In identifying that M, (Julie Wood) is the central character we were able to extrapolate or trace back every exchange to her; from the physical and emotional abuse meted out by B, (Jeff Bone); to the interior dialogue and commentary provided by C, (Robin Hall), and again to the echoes of a past that M cannot escape provided by A, (Terry Smyth). We have made a sense of this play that conveys the stark beauty of Kane's language; that allows her, admittedly often quite dark, sense of humour to emerge and that allows her unexpected optimism to permeate its way through the tattered, shattered characters she has created for us.

A word, maybe more, for the cast. Brave souls, all! Jeff, Julie, Robin and Terry have openly accepted every conceivable challenge and opportunity that a play like 'Crave' throws your way. They have grappled with HOURS of textual analysis as we sought to define character, structure, meaning, intention, text, and sub-text. They have wrestled stoically with a text so fragmented that I can only imagine how difficult it has been to learn - and then Terry had to learn that speech! (You'll know which one I mean, I promise) Once we started moving about, they have had to cope with choreography... yep; walking and talking at the same time. They have discovered that I am vaguely OCD when it comes to symmetry and particularly the exact location of centre stage. And through it all, we have laughed and laughed and laughed. The performances they have created are sincere, thoughtful, considered, honest and true. I am grateful to them and proud of them.

Damon Wakelin

Reviews

The NewsMike Allen

Bench raise Kane to great heights

Don't go looking for identifiable characters in Sarah Kane's play. They don't even have names. Don't go looking for cheap laughs. Yet although the controversial writer of Blasted and Cleansed was never one to court easy favour with audiences, Crave has a strangely lyrical and eloquent quality, and even a degree of admittedly bleak humour.
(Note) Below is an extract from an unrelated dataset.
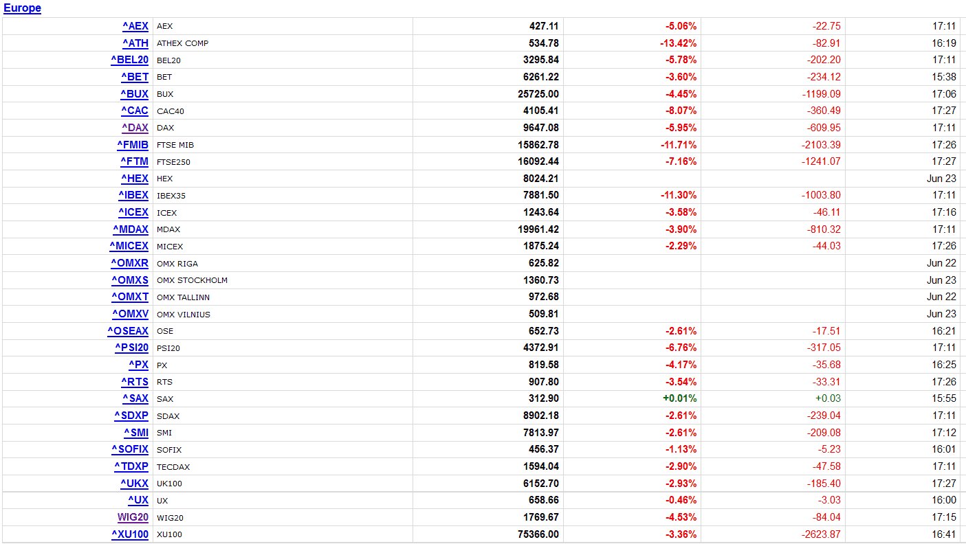 Na tle Europy wypadamy przeciętnie. Znacznie gorzej od naszego parkietu zachował się indeks grecki, hiszpański czy włoski, które zakończyły piątek z ponad 10 % stratą:

Bench Theatre capture these qualities well under what seems to be inspired direction by Damon Wakelin. With no stage directions or even punctuation to help him and the four actors, he often avoids the obvious in terms of movement and inter-reaction, yet his decisions generally seem effortlessly right. No-one is likely to understand every word at a first hearing, but every shade of meaning appears to be burnt into the minds and souls of actors Terry Smith, Jeff Bone, Robin Hall and Julie Wood.

It is impossible, of course to dissociate such despair from Sarah Kane's later suicide, yet the play ends on a pretty positive note. Crave runs for about 55 minutes. Bench are performing it in repertoire with another piece of 'in-yer-face theatre', Philip Ridley's 'Ghost From a Perfect Place', until July 26.

The News, 18th July 2008

Southern Daily EchoHam Quentin

Crave

Mostly free of a definite narrative, Sarah Kane's poetic drama must be interpreted differently by all who see or perform it. It says much for the work and for this production that this does not lead to any obscurity, lack of tension or absence of emotional engagement.

Two men (Jeff Bone and Terry Smyth) and two women (Robin Hall and Julie Wood) deliver rapid fire speeches and snatches of dialogue, that dramatise, among other things, lust, desire, perversion, love and the need for autonomy. Although a little too busy in places, director Damon Wakelin's staging mostly helps his very able cast to make the rapid transitions of character and feeling required, and his lighting design brings the show to an effective, moving conclusion.

But the actors deserve equal credit for the depth, variety and energy they give to their performances. Smyth's delivery of the show's only long speech was outstanding.